Eldan, R., & Li, Y. (2023). Tinystories: How small can language models be and still speak coherent english?. arXiv preprint arXiv:2305.07759.

https://arxiv.org/abs/2305.07759

TeachLM: Post-Training LLMs for Education Using Authentic Learning Data

Tutoring is an entirely different state from helpful assisting

“In his seminal 1984 study, educational psychologist Benjamin Bloom demonstrated that one-on-one tutoring can yield learning gains two standard deviations above those achieved through traditional classroom instruction [1].”

“A fundamental issue with LLMs is that they have been optimized to act as “helpful assistants” that maximize productivity and minimize cognitive labor [12–20]. This contrasts with the natural friction that expert teachers introduce into learning (for example, by withholding the right answer and prompting students to first attempt a response) [21–23]. Effective tutoring also requires dynamic adaptation to learners’ states of mind as opposed to one-size-fits-all instructional designs [24]. This tendency toward friction minimization and sycophantic behavior—prioritizing compliance over pedagogy—is systematically encoded in model parameters through supervised fine-tuning [12] and reinforcement learning from human feedback (RLHF) [25, 26]. These processes rely on datasets produced by human annotators instructed to provide responses that maximize completeness while minimizing the number of conversational turns [15].”

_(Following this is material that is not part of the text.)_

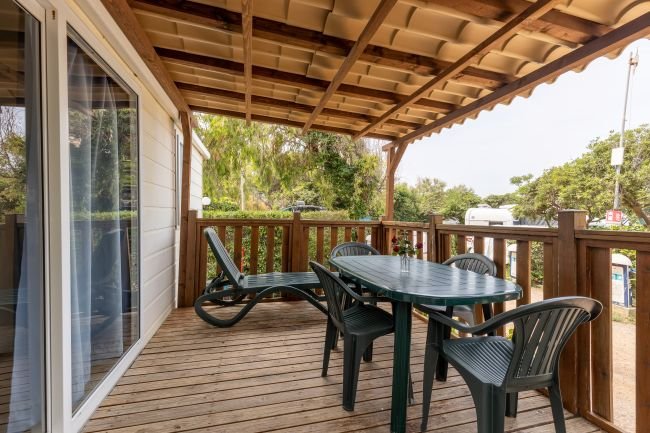mobile home con doppia terrazza esterna attrezzata con splendida vista mare. Dispongono di aria condizionata, tv, salotto con dinette trasformabile in 5° letto, camera matrimoniale, camera con due letti singoli, bagno privato con doccia in ogni camera. La cucina è completamente attrezzata con piatti e stoviglie ed è completa di fornelli a gas e frigo.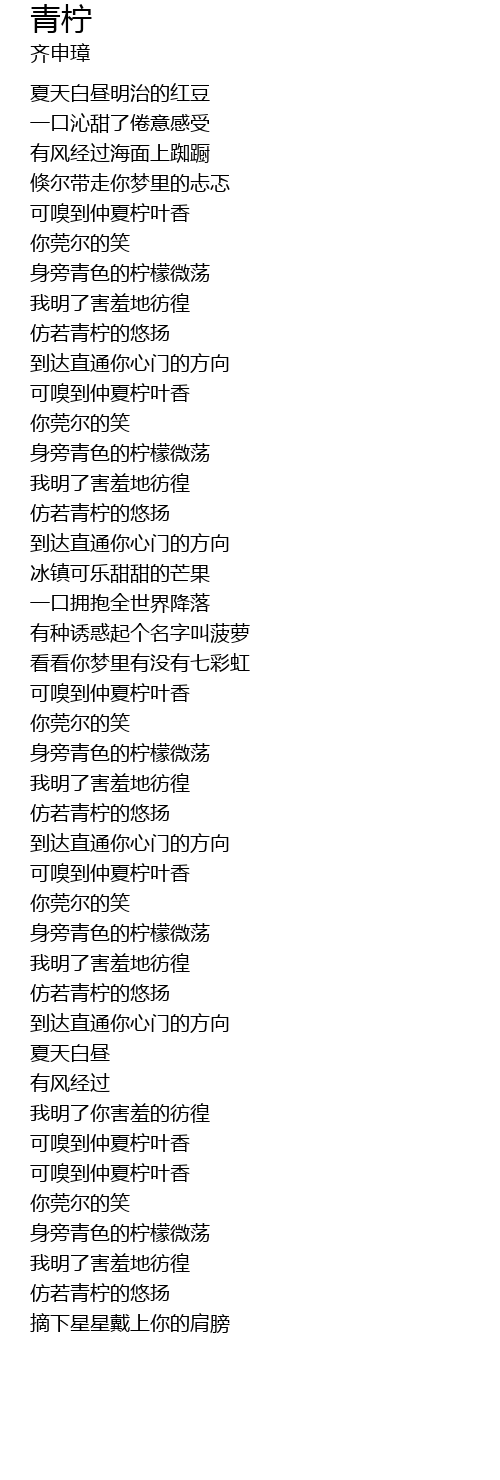 | [02:08.876] | 可嗅到仲夏柠叶香 |

“Our early efforts focused on establishing the simple, measurable benchmarks outlined in this report, but more sophisticated evaluations are needed to capture the full richness of human pedagogy. Specifically, we will prioritize creating benchmarks that capture the nuances of longitudinal interactions between students and tutors. These types of interactions are only possible over extended periods of time and are critical in fostering rapport and driving tangible learning outcomes.”

Perczel, J., Chow, J., & Demszky, D. (2025). TeachLM: Post-Training LLMs for Education Using Authentic Learning Data. arXiv preprint arXiv:2510.05087.

https://arxiv.org/abs/2510.05087

Love to see anybody building off Goffman!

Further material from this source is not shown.